Monte Carlo methods are used to produce samples from a given distribution, with density $f$ say, either to get an idea about this distribution, or to solve an integration or optimisation problem related with $f$. For instance, to find the value of $$\int_{\mathcal{X}} h(x) f(x)\text{d}x$$ or the mode of the distribution of $h(X)$ when $X\sim f(x)$ or a quantile of this distribution.
To compare the Monte Carlo and Markov chain Monte Carlo methods you mention requires to set the background of the problem as the pros and cons of each will vary from case to case. Here are a few generic remarks that do not cover the complexity of the issue:
- Accept-reject methods are intended to provide an i.i.d. sample from $f$. To achieve this, one designs an algorithm that takes as input a random number of uniform variates $u_1,u_2,\ldots$, and returns a value $x$ that is a realisation from $f$. The pros are that there is no approximation in the method: the outcome is truly an i.i.d. sample from $f$. The cons are many: (i) designing the algorithm by finding an envelope of $f$ that can be generated may be very costly in human time; (ii) the algorithm may be inefficient in computing time, i.e., requires many uniforms to produce a single $x$; (iii) those performances are decreasing with the dimension of $X$. In short, such methods cannot be used for simulating one or a few simulations from $f$ unless they are already available in a computer language like R.
- Markov chain Monte Carlo (MCMC) methods are extensions of i.i.d. simulations methods when i.i.d. simulation is too costly.
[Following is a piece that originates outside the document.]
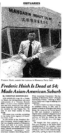 3 Berthelsen, Christian. “Frederic Hsieh Is Dead at 54; Made Asian-American Suburb.” The New York Times, 20 Aug. 1999, p. C16.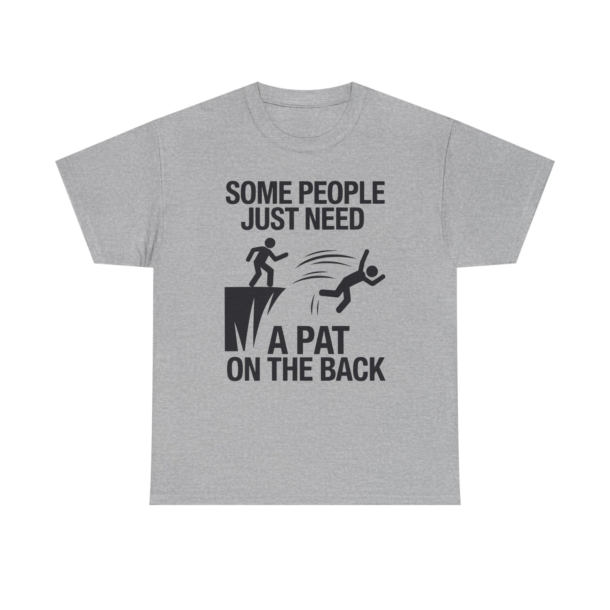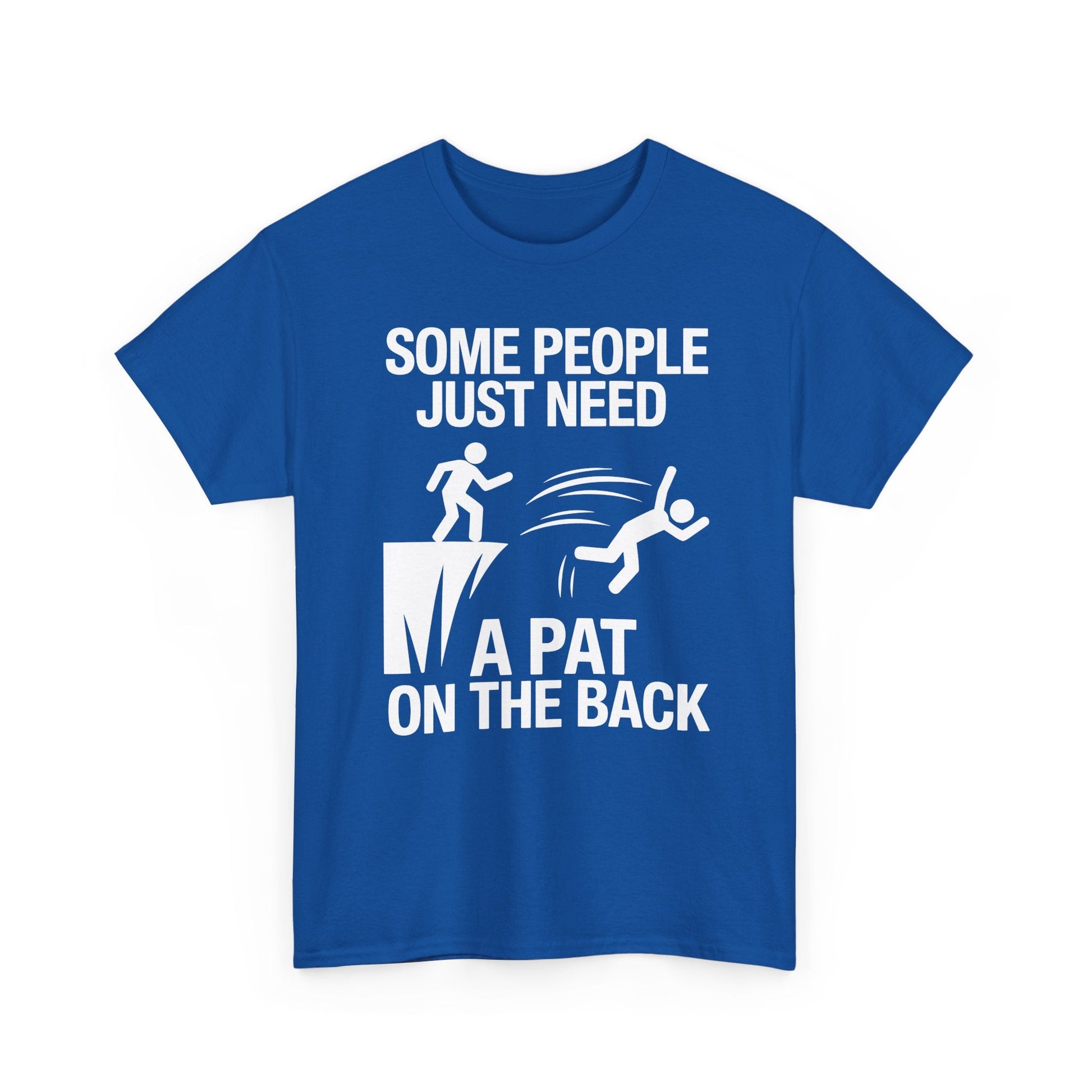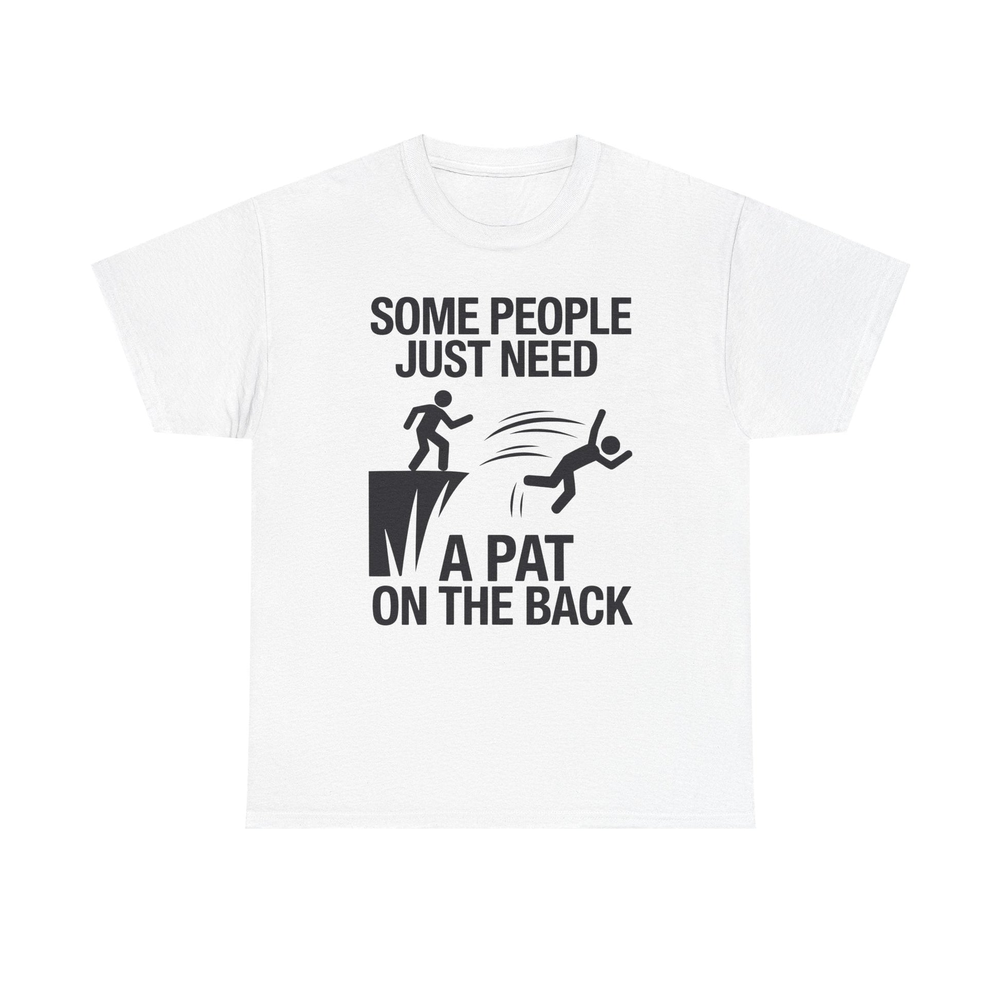 The Funny “Pat On The Back” Sarcastic T-Shirt is your wearable punchline for those moments when words just aren’t enough. Featuring a hilariously dark graphic of a literal push off a cliff, this tee is perfect for anyone who thrives on sarcasm, irony, and unapologetic humor.

They produce a sequence of simulations $(x_t)_t$ which limiting distribution is the distribution $f$. The pros are that (i) less information about $f$ is needed to implement the method; (ii) $f$ may be only known up to a normalising constant or even as an integral$$f(x)\propto\int_{\mathcal{Z}} \tilde{f}(x,z)\text{d}z$$ and still be associated with an MCMC method; (iii) there exist generic MCMC algorithms to produce simulations $(x_t)_t$ that require very little calibration; (iv) dimension is less of an issue as large dimension targets can be broken into conditionals of smaller dimension (as in Gibbs sampling). The cons are that (i) the simulations $(x_t)_t$ are correlated, hence less informative than i.i.d. simulations; (ii) the validation of the method is only asymptotic, hence there is an approximation in considering $x_t$ for a fixed $t$ as a realisation of $f$; (iii) convergence to $f$ (in $t$) may be so slow that for all practical purposes the algorithm does not converge; (iv) the universal validation of the method means there is an infinite number of potential implementations, with an equally infinite range of efficiencies.
- Importance sampling methods are originally designed for integral approximations, namely generating from the wrong target $g(x)$ and compensating by an importance weight $$f(x)/g(x)\,.$$ The resulting sample is thus weighted, which makes the comparison with the above awkward. However, importance sampling can be turned into importance sampling resampling by using an additional resampling step based on the weights. The pros of importance sampling resampling are that (i) generation from an importance target $g$ can be cheap and recycled for different targets $f$; (ii) the "right" choice of $g$ can lead to huge improvements compared with regular or MCMC sampling; (iii) importance sampling is more amenable to numerical integration improvement, like for instance quasi-Monte Carlo integration; (iv) it can be turn into adaptive versions like population Monte Carlo and sequential Monte Carlo. The cons are that (i) resampling induces inefficiency (which can be partly corrected by reducing the noise as in systematic resampling or qMC); (ii) the "wrong" choice of $g$ can lead to huge losses in efficiency and even to infinite variance; (iii) importance has trouble facing large dimensions and its efficiency diminishes quickly with the dimension; (iv) the method may be as myopic as local MCMC methods in missing important regions of the support of $f$.
In conclusion, a warning that there is no such thing as an optimal simulation method. Even in a specific setting like approximating an integral $$\mathcal{I}=\int_{\mathcal{X}} h(x) f(x)\text{d}x$$ Costs of designing and running different methods intrude to make a global comparison very delicate, while they cannot beat the zero variance answer of returning the constant "estimate" $$\hat{\mathcal{I}}=\int_{\mathcal{X}} h(x) f(x)\text{d}x$$ This does not mean that methods cannot be compared, but that there always is a possibility for an improvement, which comes with additional costs.